= Direct mail fundraising =

Direct mail fundraising is a form of direct marketing widely used by nonprofit organizations in North America, Europe, and parts of Asia-Pacific to acquire new donors or members and retain the level of their contributions or dues as part of a fundraising program.

The professional use of direct mail fundraising requires an understanding both of the principles and practice of direct marketing and of the discipline of fundraising. In direct marketing, practitioners view large numbers of prospects or donors through the lens of statistics. Fundraising teaches us how to view prospects or donors as individuals, with unique values, beliefs, and preferences.

== History and growth in the United States ==
In its modern form, direct mail fundraising appeared in the United States after World War II, when nationwide charities such as the National Easter Seal Society sought ways to broaden their fundraising base.

It was only with the advent in the 1960s of the ZIP Code and, later, the computer that direct mail fundraising began to gain wide use. Before the ZIP Code, it was difficult to target appropriate recipients of direct mail fundraising appeals, and before the computer, compiling and maintaining lists of supporters was tedious and costly. During the 1970s, when computers became increasingly affordable, the use of direct mail fundraising spread widely. It quickly became the means by which most Americans learned about and first provided financial support for their charities of choice.

The explosive growth of the nonprofit sector in the United States — quadrupling in the 1980s and doubling again in the 1990s and early 2000s — led to a massive expansion in the use of direct mail to build and sustain large, nationwide donor and membership lists. Today, direct mail fundraising accounts for at least one-fifth of the more than $250 billion contributed annually in the U.S. to the nation's 1.6 million nonprofit organizations.

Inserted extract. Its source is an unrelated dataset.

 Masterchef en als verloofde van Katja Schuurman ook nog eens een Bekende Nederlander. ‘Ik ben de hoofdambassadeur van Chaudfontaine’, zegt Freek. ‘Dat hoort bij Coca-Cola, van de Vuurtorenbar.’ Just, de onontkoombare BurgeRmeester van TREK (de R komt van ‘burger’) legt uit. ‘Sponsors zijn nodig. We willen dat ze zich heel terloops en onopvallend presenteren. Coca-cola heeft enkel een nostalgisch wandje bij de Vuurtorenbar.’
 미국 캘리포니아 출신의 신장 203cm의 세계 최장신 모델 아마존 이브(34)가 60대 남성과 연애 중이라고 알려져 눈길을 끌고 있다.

Direct mail fundraising has its own unique jargon, much of it related to the art and science of creating, producing and mailing the right appeal to the right list at the right time, and measuring the results.

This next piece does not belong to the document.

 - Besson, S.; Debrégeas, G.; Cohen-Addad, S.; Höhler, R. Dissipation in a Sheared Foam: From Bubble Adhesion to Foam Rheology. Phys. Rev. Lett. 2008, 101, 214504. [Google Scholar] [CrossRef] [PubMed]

In recent years, electronic communication media has been used more commonly among nonprofits. Online, email, and social media campaigns, collectively referred to as digital fundraising, have been used in coordination with direct mail fundraising. Nonprofits supplement direct mail campaigns with email blasts and social media posts, using similar messaging and visuals to tie the various communications together.

However, digital fundraising has not grown fast enough to replace direct mail for most nonprofits. In 2018, digital fundraising accounted for 8.5% percent of charitable donations in the United States.